>>>
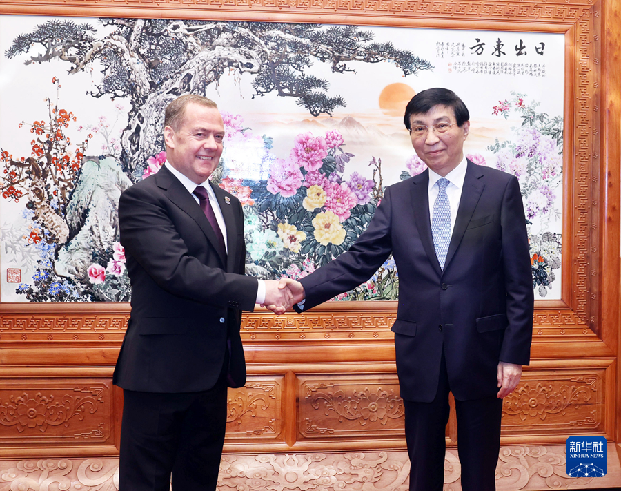 中共中央政治局常委、全國(guó)政協(xié)主席王滬寧12日在京會(huì)見俄羅斯統(tǒng)一俄羅斯黨主席梅德韋杰夫。
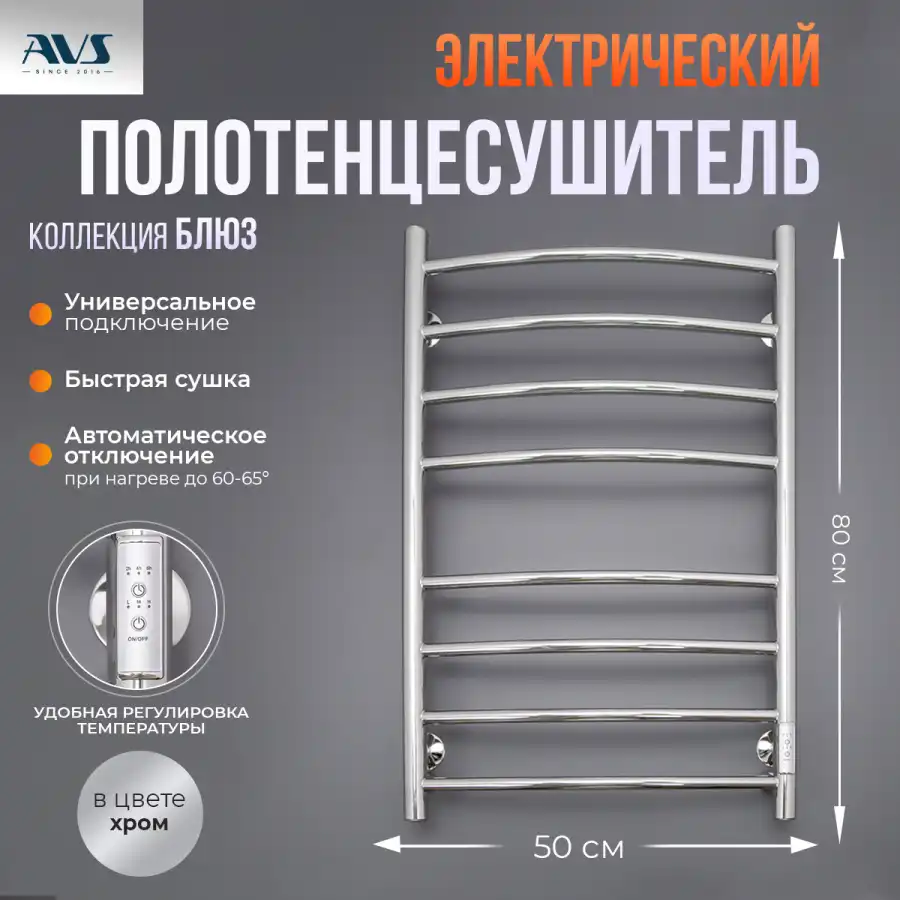 Полотенцесушитель электрический 50x80 AVS Блюз с терморегулятором, хром, 831-E004-5080-CR
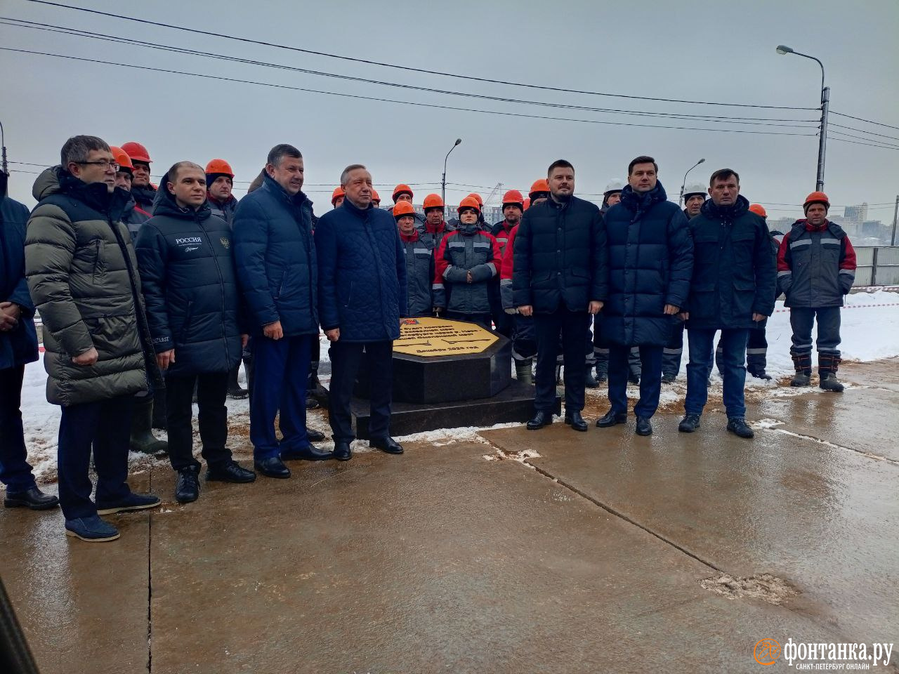 В Петербурге на Октябрьской набережной состоялась церемония торжественного открытия закладного камня Большого Смоленского моста через Неву, передает корреспондент «Фонтанки» 24 декабря.
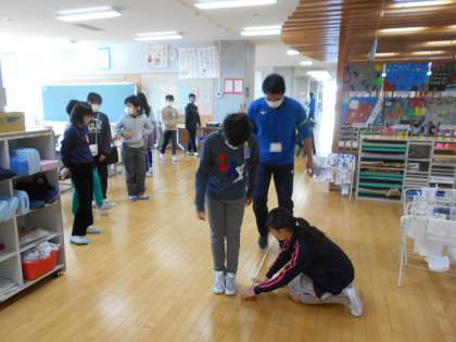写真は、2年生の体育でサッカー(中)と、5年生の算数です(右)。きっとこれで自分の歩幅を知っていれば大体の長さが分かるという学習かな?
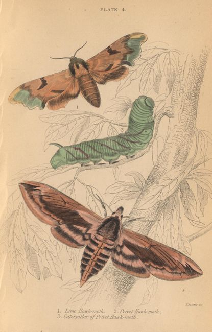 Collection of plates from this great series. Ten plates feature beautiful and very colorful moths from Vol. XXXVII - Exotic Moths [and] Vol. XL - British Moths, Sphinxes, &c. Fourteen plates feature an interesting array of beetles and insects from Vol. XXXIV - Introduction to Entomology. Six plates featuring bees are from Vol. XXXVIII - Bees. Complete with title pages and engraved frontis for each volume. A collection of 30 hand colored plates that include many very nice images.
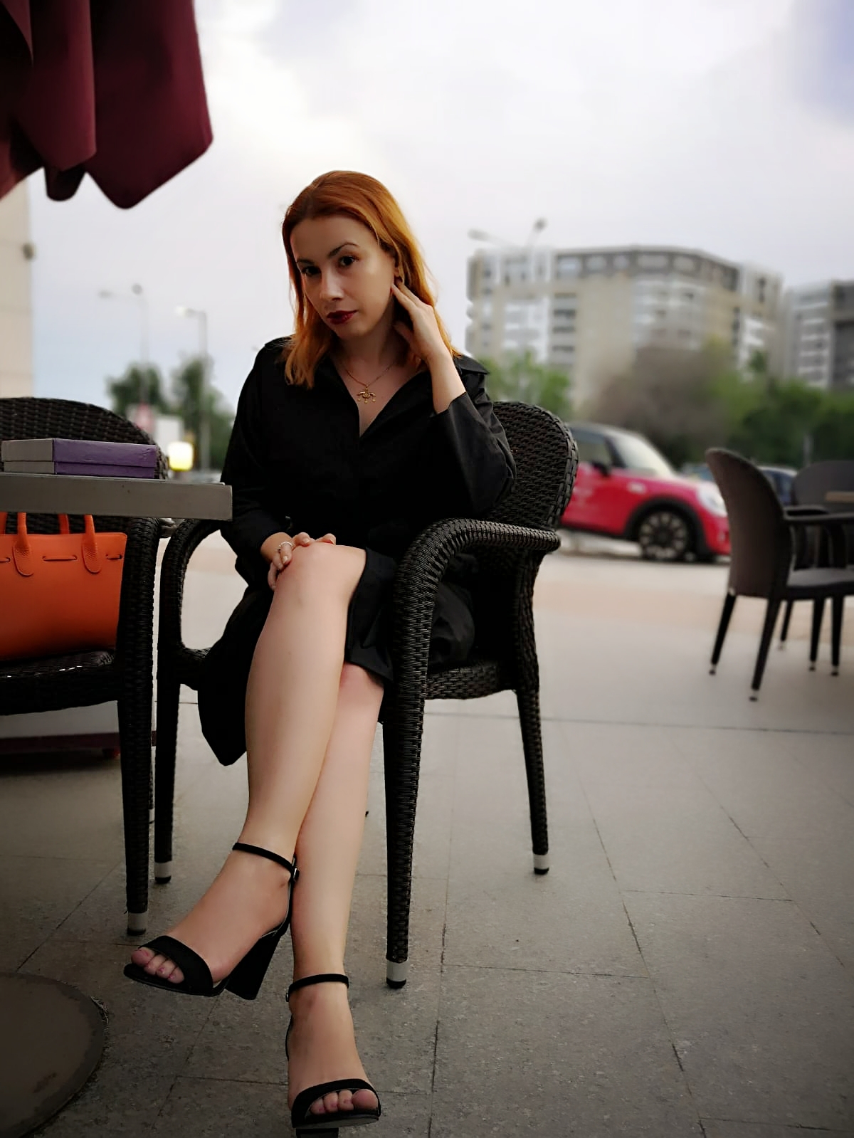 Pentru zi, am ales un sacou negru, comod, din jerseu și sandalele mele preferate de la Dolly Shoes: France X. Seara, am adăugat ținutei o pereche de cercei statement din lemn și am optat pentru sandale France X aurii, strălucitoare.
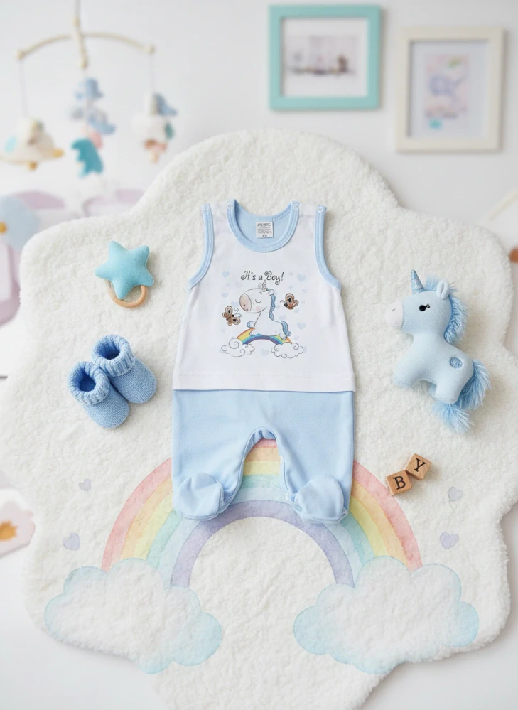 bavlněné dupačky s roztomilým jednorožcem a nápisem It's a Boy, zapínání na ramínkách i mezi nožičkami na baby druky.
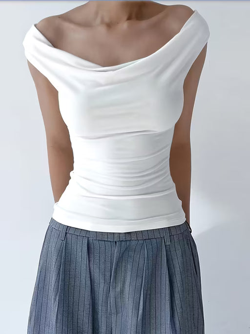Camiseta sin hombros para mujer con volantes - Ajuste ceñido, color sólido
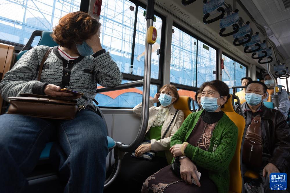 11月7日,在66路公交車(chē)上,幾名老年市民在聊天。
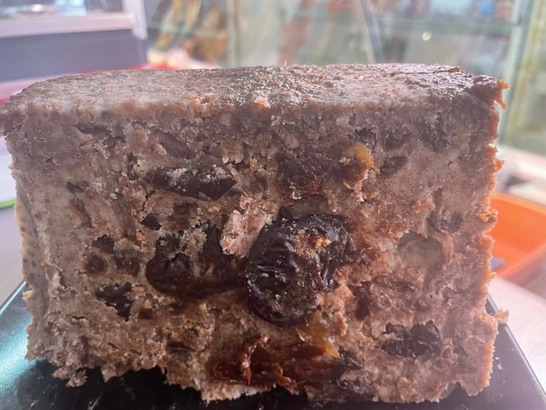 Pâté aux pruneaux et raisins secs et cassonade au goût authentique.
<<<
> **Work order**
Begin at the first line of the listing and print each line exactly. Stop after the line containing "В Петербурге на", and omit all pictures.

> **Answer space**
 中共中央政治局常委、全國(guó)政協(xié)主席王滬寧12日在京會(huì)見俄羅斯統(tǒng)一俄羅斯黨主席梅德韋杰夫。
 Полотенцесушитель электрический 50x80 AVS Блюз с терморегулятором, хром, 831-E004-5080-CR
 В Петербурге на Октябрьской набережной состоялась церемония торжественного открытия закладного камня Большого Смоленского моста через Неву, передает корреспондент «Фонтанки» 24 декабря.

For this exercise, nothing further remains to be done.